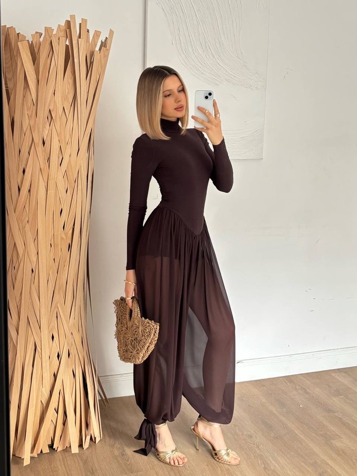 Kahverengi uzun kollu, yüksek yakalı ve bol kesimli uzun elbise. İpeksi kumaştan, minimal ve çağdaş tarza sahip, günlük kullanıma uygun, zahmetsiz şıklık sunar.
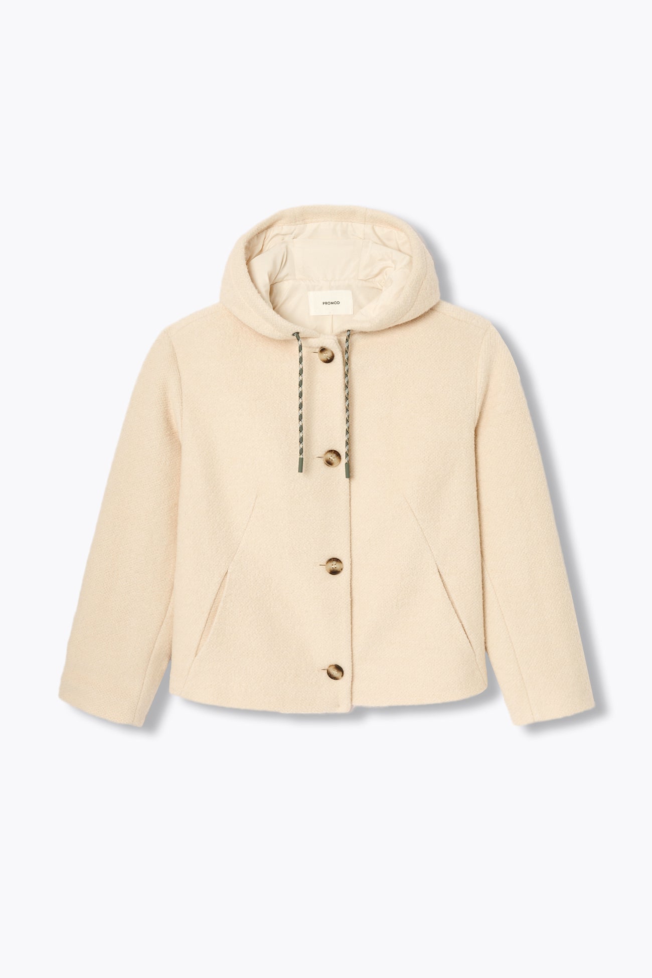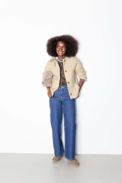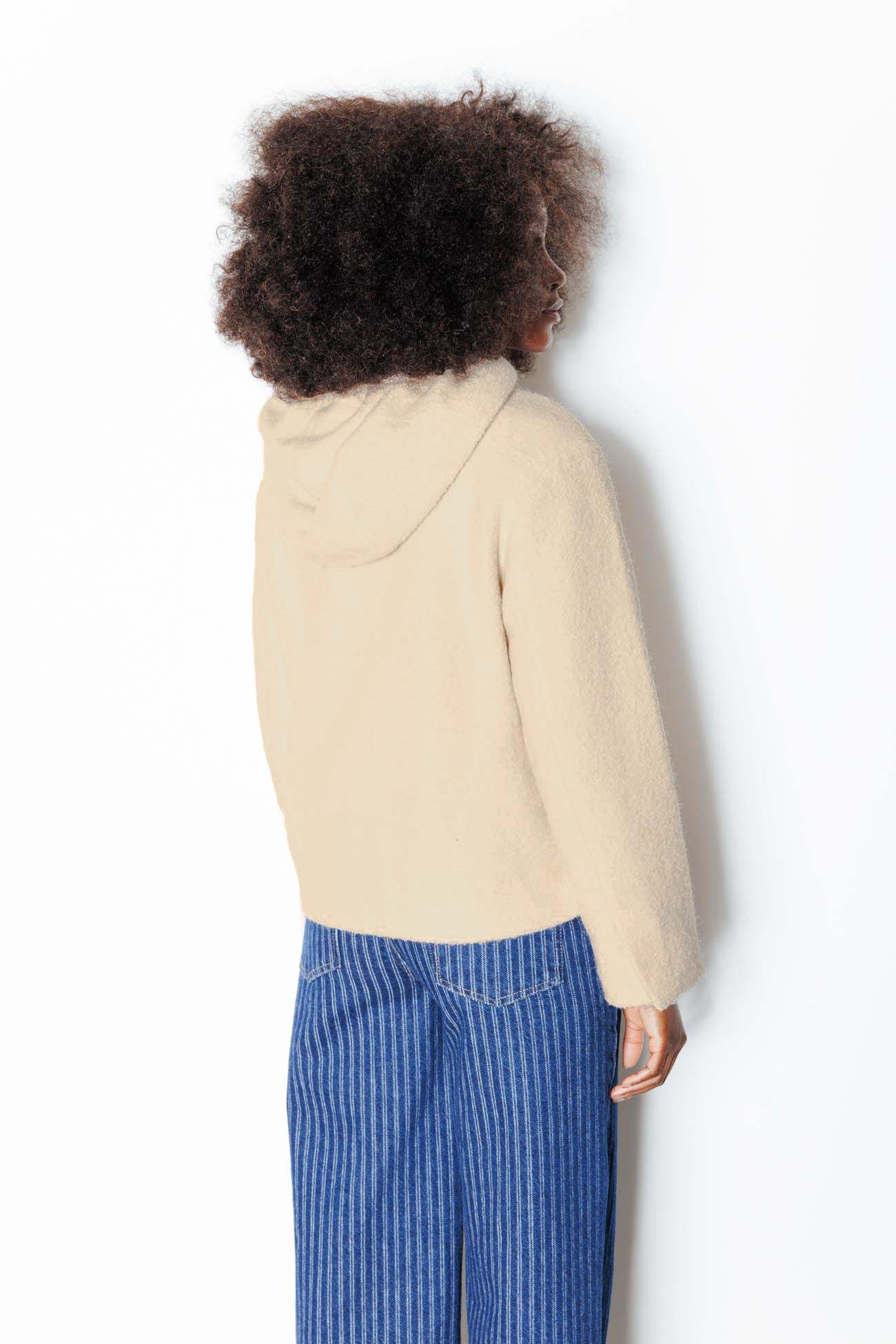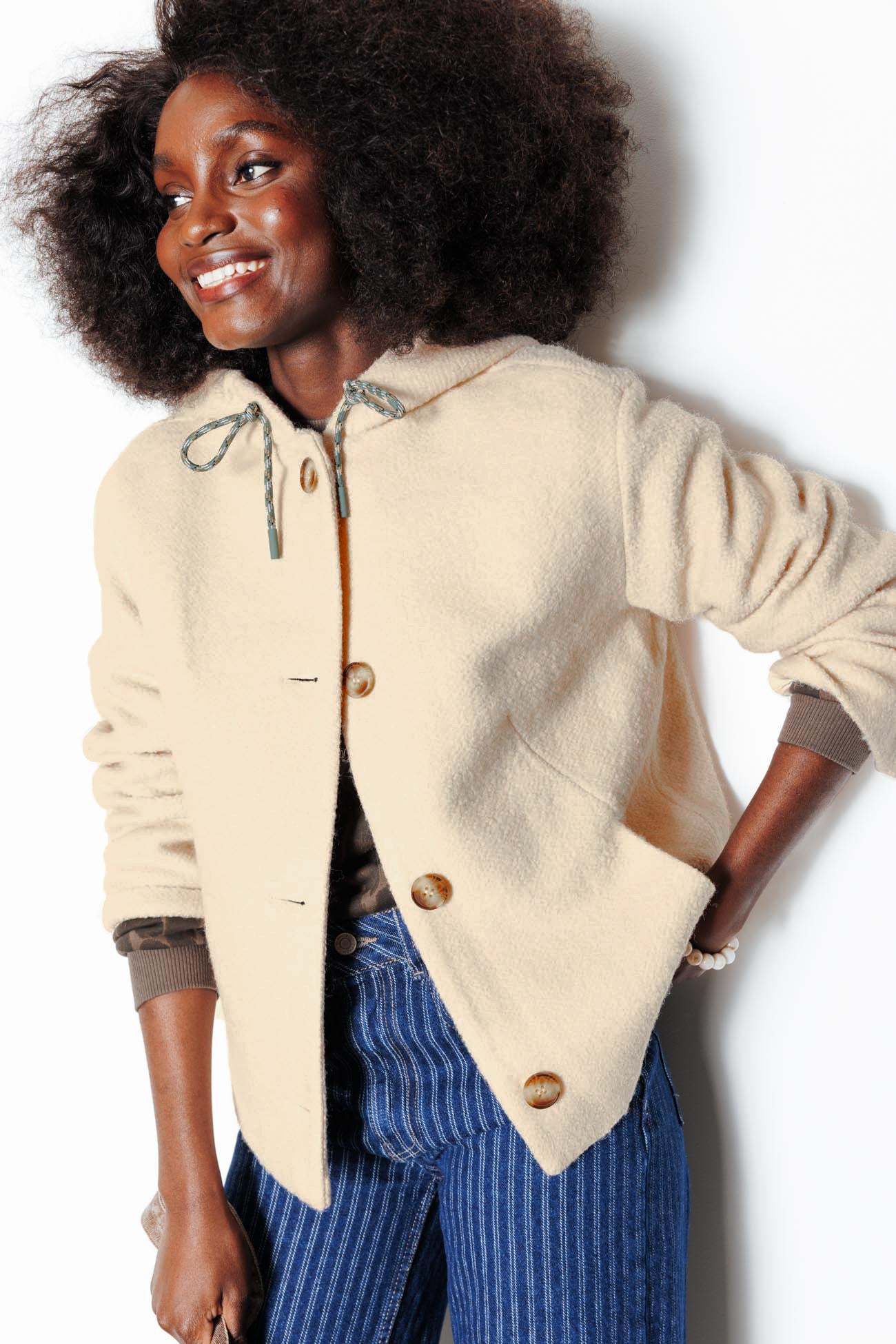 Vive allure & esprit College ! On se balade avec ou sans la capuche sur la tête mais avec toujours une idée précise : faire la différence dans le paysage-mode ! Effet bouclettes. Coupe droite et courte. Capuche avec cordon sous œillets métal. Ouverture boutonnée devant. 2 poches en biais devant. Manches longues. Base légèrement arrondie. Doublure. Cette veste femme contient des fibres recyclées.
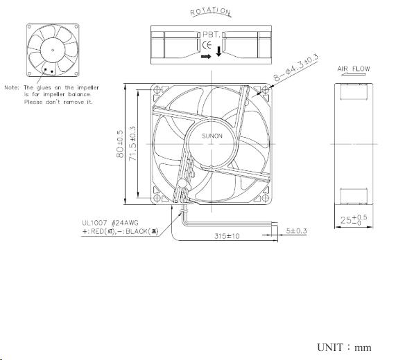 Fläkt med Mag-Lev (magnetisk levitation) lager från den världsberömda fläktillverkaren Sunon.
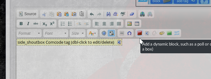 For that comcode page, go ahead and delete everything on it (the h1 tag and the childpages stuff). Then using the dynamic block assistant on the fancy WYSIWYG editor (looks like a little red box), add the "Shout Box (side_shoutbox)" item.
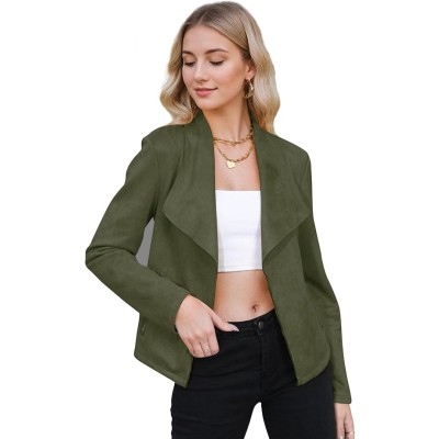 Womens Faux Suede Jacket Open Front Womens Bomber Cropped Jacket with Pockets Outwear Long Sleeve Fashion Biker Jacket
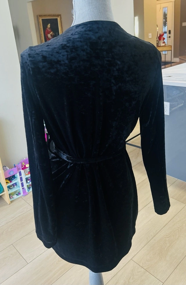 This is a new Forever 21 velvet robe, size small, perfect for adding a touch of luxury to your loungewear collection, Christmas party, a date night or an evening with the ladies. Comes with a waist tie for a flattering fit. Key features: * Material: Soft velvet * Size: Small * Colour: Black * Closure: Waist tie brand new text still attached. Pick up in Springbank Hill
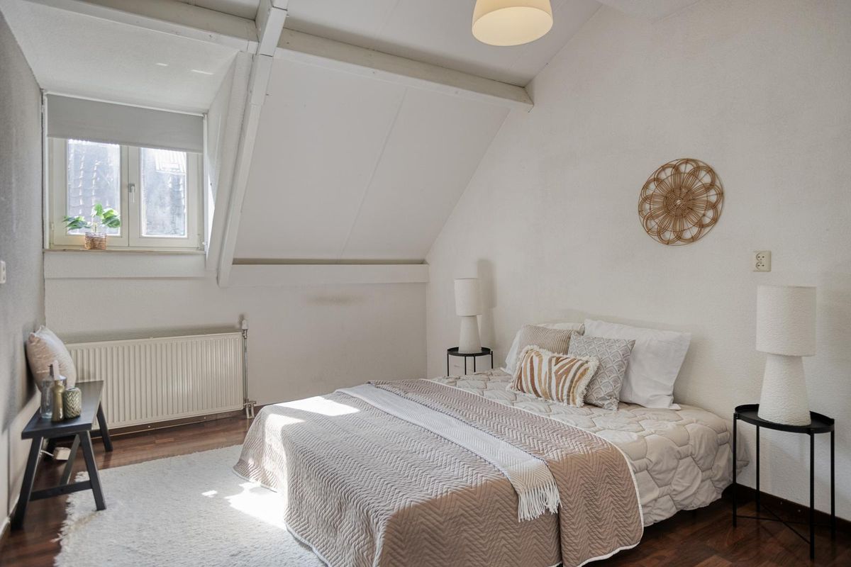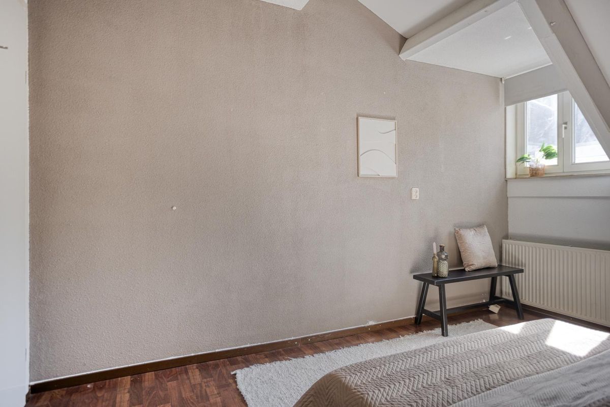 Slaapkamer 2 (12m²) heeft een laminaatvloer en is aan de andere zijde gelegen en heeft een dakkapel.
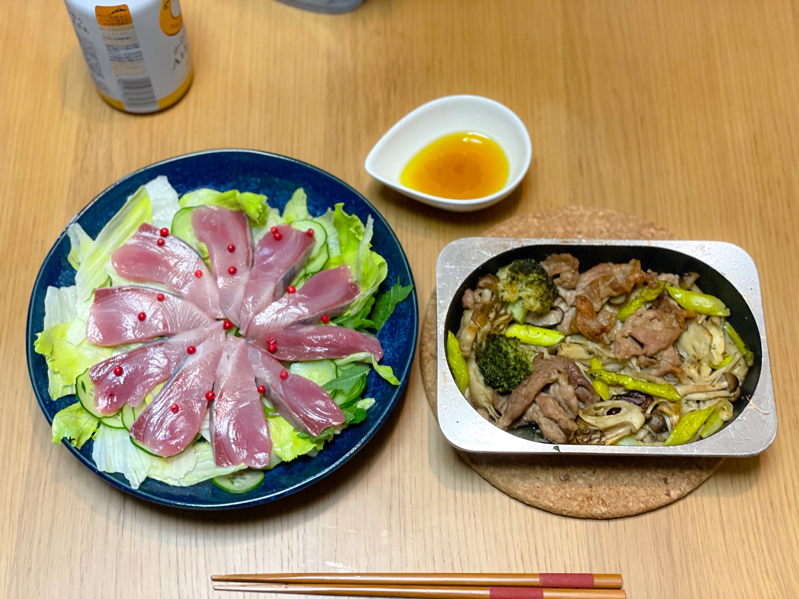 12:00 ブリのカルパッチョサラダ、豚肉ときのこ・アスパラ・ブロッコリーのグリル
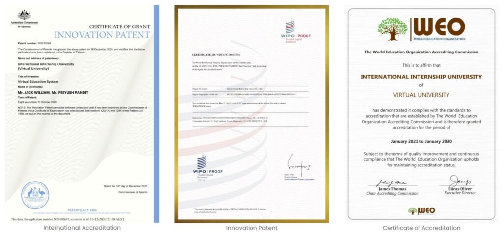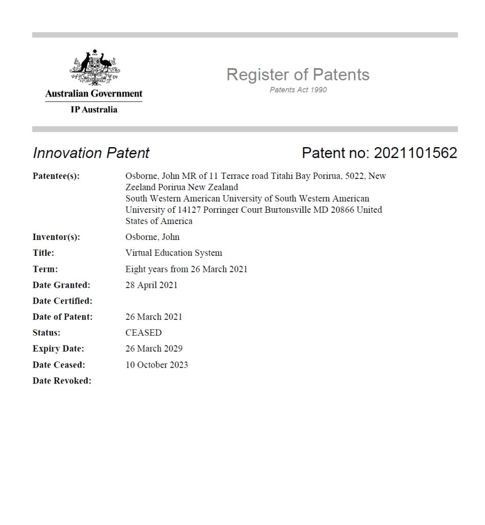 Prvo sam tražio po broju patenta. NEMA. Tražio sam patent dodijeljen International Internship University. NEMA. Tražio sam Virtual University. NEMA. Tražio sam imena Jack W. i Peeyush P. NEMA. Tražio sam po nazivu inovacije Virtual Education System. NAĐENO ali podnositelj je John Osbore s Novoga Zelanda 2021. g.
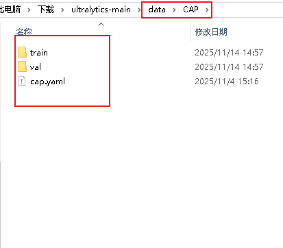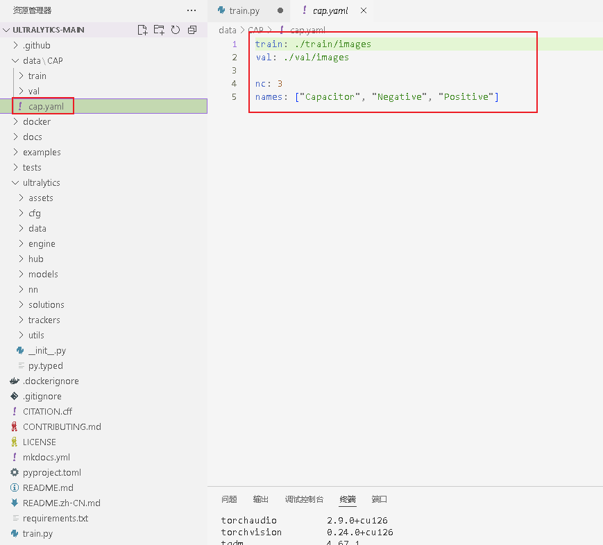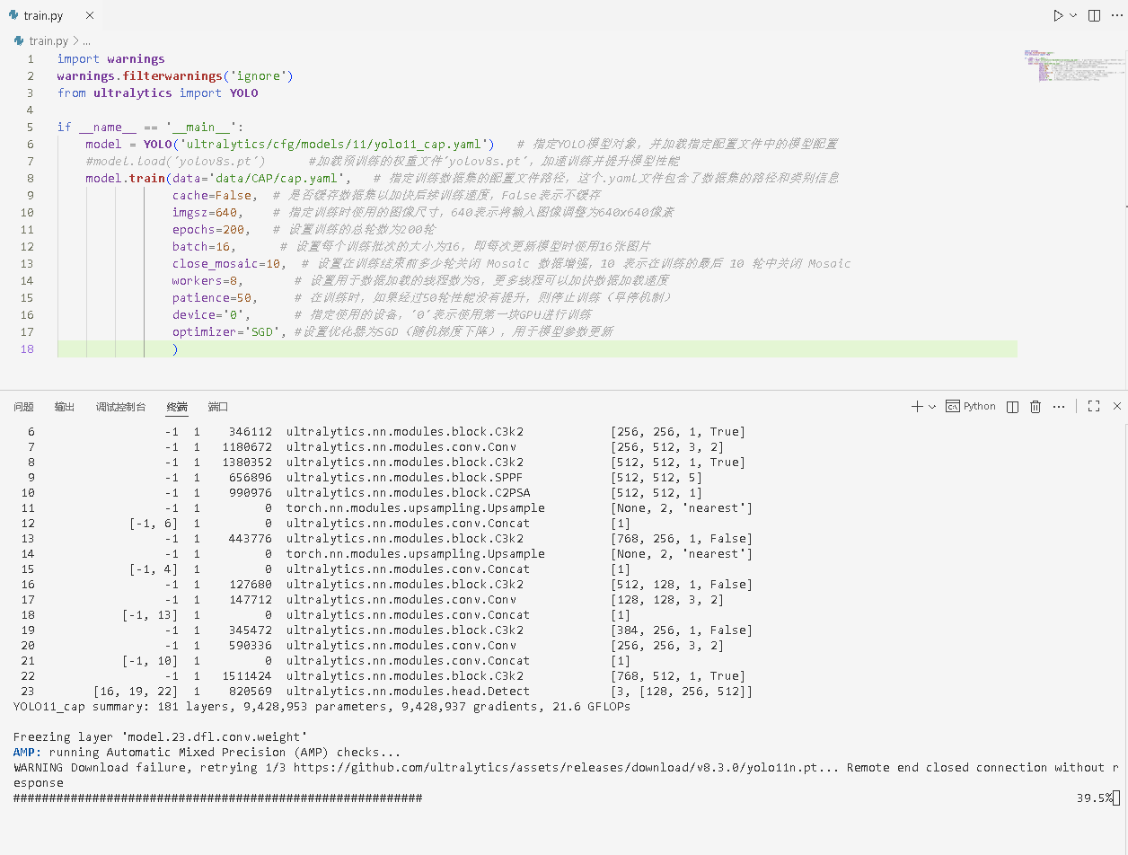 model.train(data='data/CAP/cap.yaml', # 指定训练数据集的配置文件路径,这个.yaml文件包含了数据集的路径和类别信息
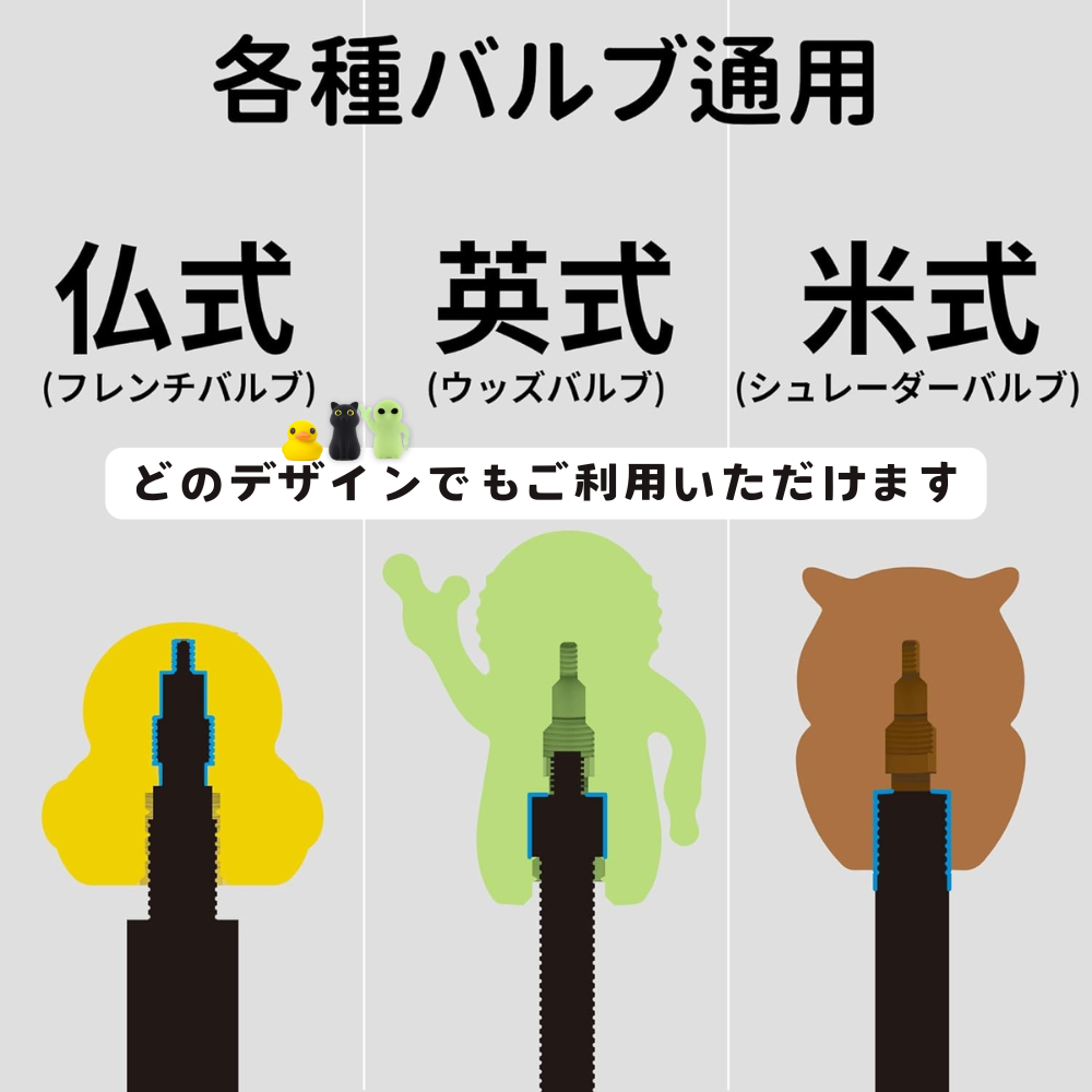 Bone エアバルブ キャップ シリコン タイヤ 空気 キャップ ロードバイク 自転車 バルブキャップ 車 タイヤ キャップ 自転車 ゴム栓 虫ゴム 米式 仏式 英式 フレンチ バルブ キャップ キャラクター ダック キャット エイリアン 猫 面白い かわいい Character Valve Cap

------------------------------

:: Assigned task ::
The lines from the one with "Prvo sam tražio" to the end of the data above should be retyped exactly, both ends included, and pictures are to be left out.

:: Output below ::
 Prvo sam tražio po broju patenta. NEMA. Tražio sam patent dodijeljen International Internship University. NEMA. Tražio sam Virtual University. NEMA. Tražio sam imena Jack W. i Peeyush P. NEMA. Tražio sam po nazivu inovacije Virtual Education System. NAĐENO ali podnositelj je John Osbore s Novoga Zelanda 2021. g.
 model.train(data='data/CAP/cap.yaml', # 指定训练数据集的配置文件路径,这个.yaml文件包含了数据集的路径和类别信息
 Bone エアバルブ キャップ シリコン タイヤ 空気 キャップ ロードバイク 自転車 バルブキャップ 車 タイヤ キャップ 自転車 ゴム栓 虫ゴム 米式 仏式 英式 フレンチ バルブ キャップ キャラクター ダック キャット エイリアン 猫 面白い かわいい Character Valve Cap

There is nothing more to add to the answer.